In the records below, find the line containing "Edge Collections - 4'" and the line containing "Модель Eric Emanuel". Give again exactly those lines and every line between them, omitting the pictures.
*** Opening EXTRACTED RECORDS ***
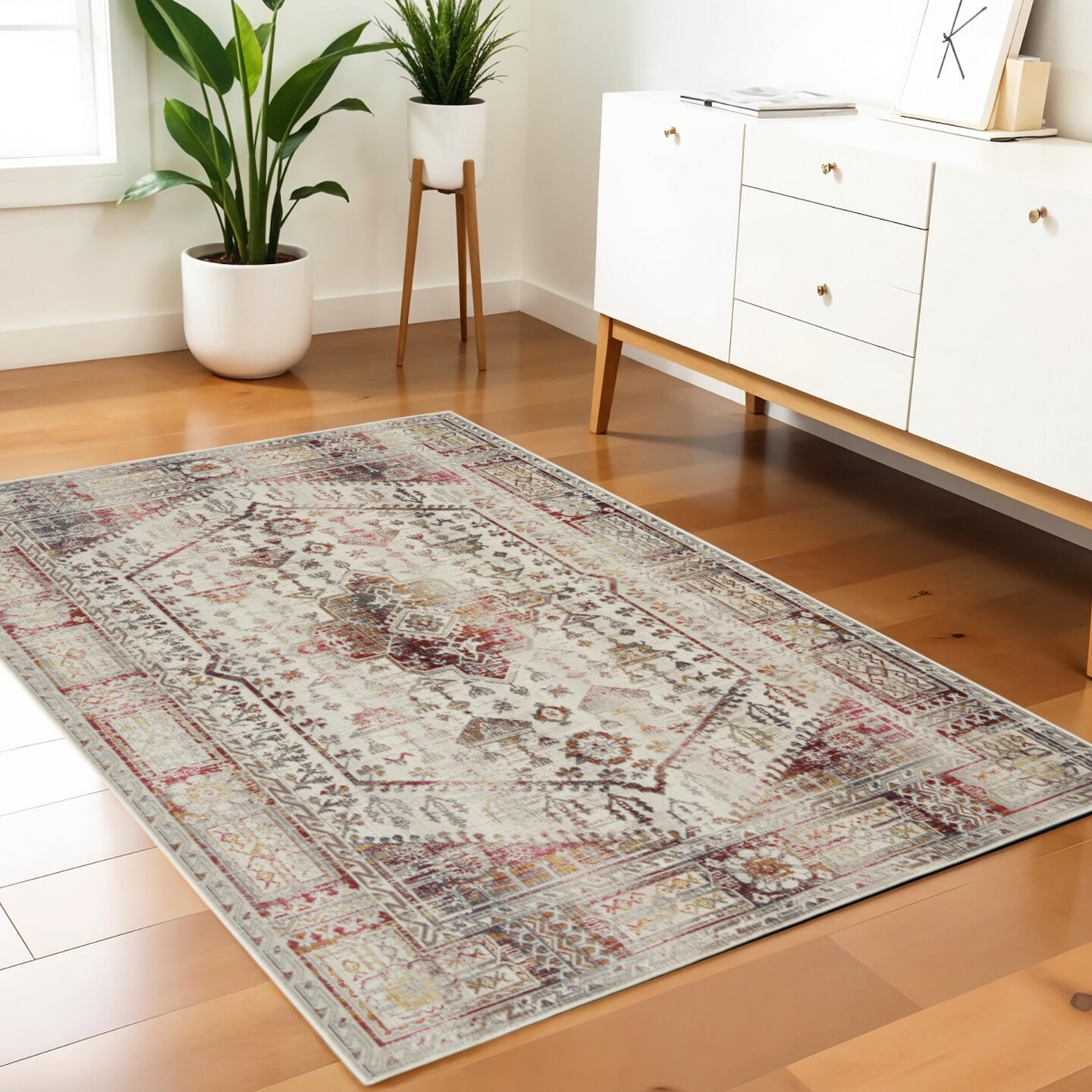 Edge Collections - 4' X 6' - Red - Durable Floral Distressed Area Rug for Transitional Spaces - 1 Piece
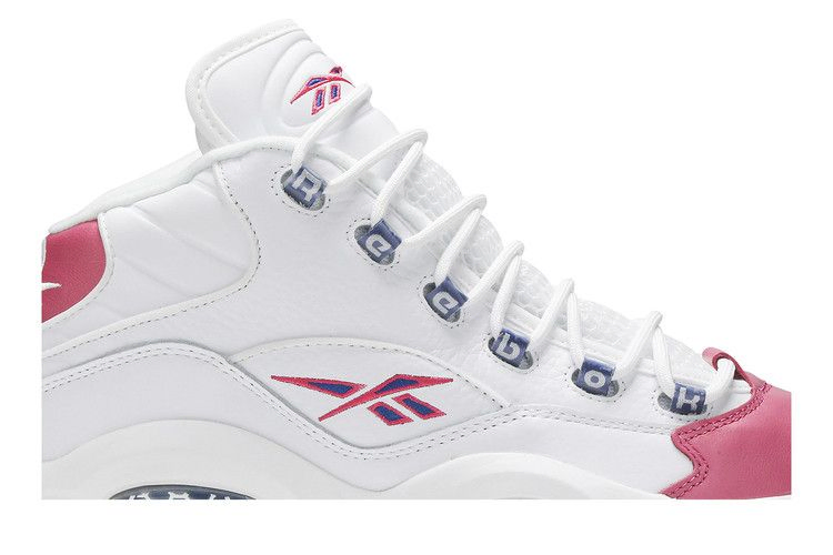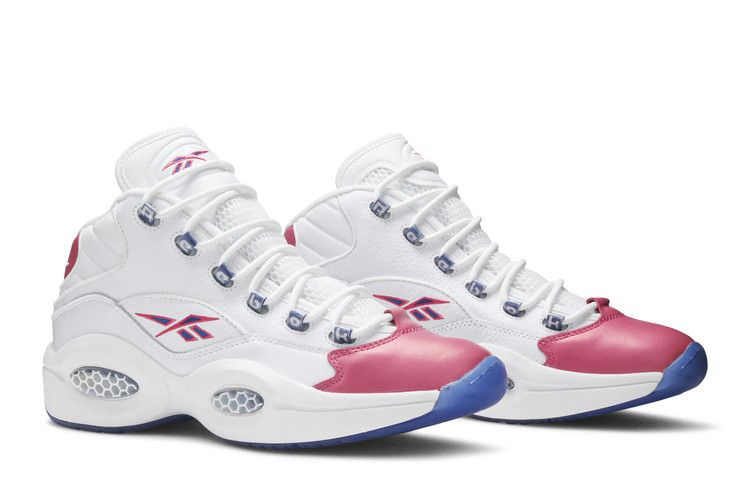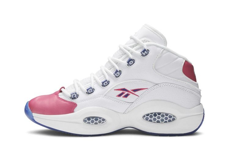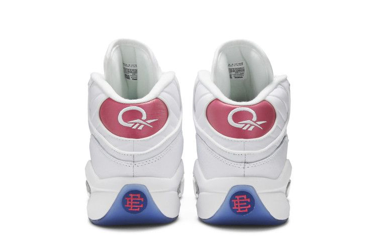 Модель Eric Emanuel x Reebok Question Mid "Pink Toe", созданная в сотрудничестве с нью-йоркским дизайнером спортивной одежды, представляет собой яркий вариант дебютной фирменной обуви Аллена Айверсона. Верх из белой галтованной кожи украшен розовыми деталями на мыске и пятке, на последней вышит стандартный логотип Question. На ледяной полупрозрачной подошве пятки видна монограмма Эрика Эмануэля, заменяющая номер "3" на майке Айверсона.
*** Closing EXTRACTED RECORDS ***
*** Opening EXTRACTED RECORDS ***
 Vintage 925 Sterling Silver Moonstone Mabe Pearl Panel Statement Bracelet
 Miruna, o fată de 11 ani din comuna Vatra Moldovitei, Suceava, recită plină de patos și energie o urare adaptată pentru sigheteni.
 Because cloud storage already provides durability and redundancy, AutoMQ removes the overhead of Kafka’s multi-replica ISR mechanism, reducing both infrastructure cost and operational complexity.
*** Closing EXTRACTED RECORDS ***
*** Opening EXTRACTED RECORDS ***
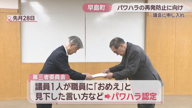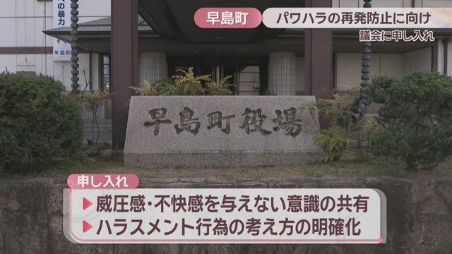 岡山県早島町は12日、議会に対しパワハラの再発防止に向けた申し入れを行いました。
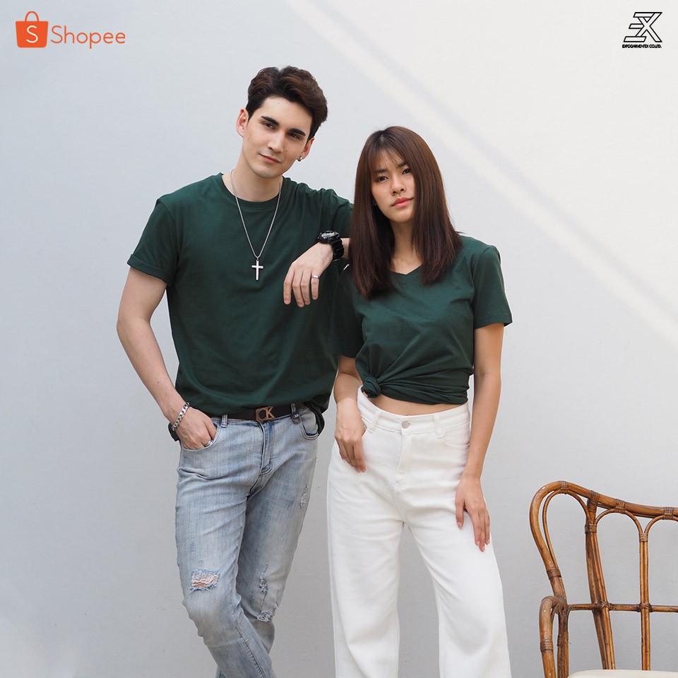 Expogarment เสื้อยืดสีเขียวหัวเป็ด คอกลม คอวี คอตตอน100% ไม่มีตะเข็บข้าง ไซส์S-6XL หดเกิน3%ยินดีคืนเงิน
*** Closing EXTRACTED RECORDS ***
## RESPONSE FOR THIS EXERCISE
 Edge Collections - 4' X 6' - Red - Durable Floral Distressed Area Rug for Transitional Spaces - 1 Piece
 Модель Eric Emanuel x Reebok Question Mid "Pink Toe", созданная в сотрудничестве с нью-йоркским дизайнером спортивной одежды, представляет собой яркий вариант дебютной фирменной обуви Аллена Айверсона. Верх из белой галтованной кожи украшен розовыми деталями на мыске и пятке, на последней вышит стандартный логотип Question. На ледяной полупрозрачной подошве пятки видна монограмма Эрика Эмануэля, заменяющая номер "3" на майке Айверсона.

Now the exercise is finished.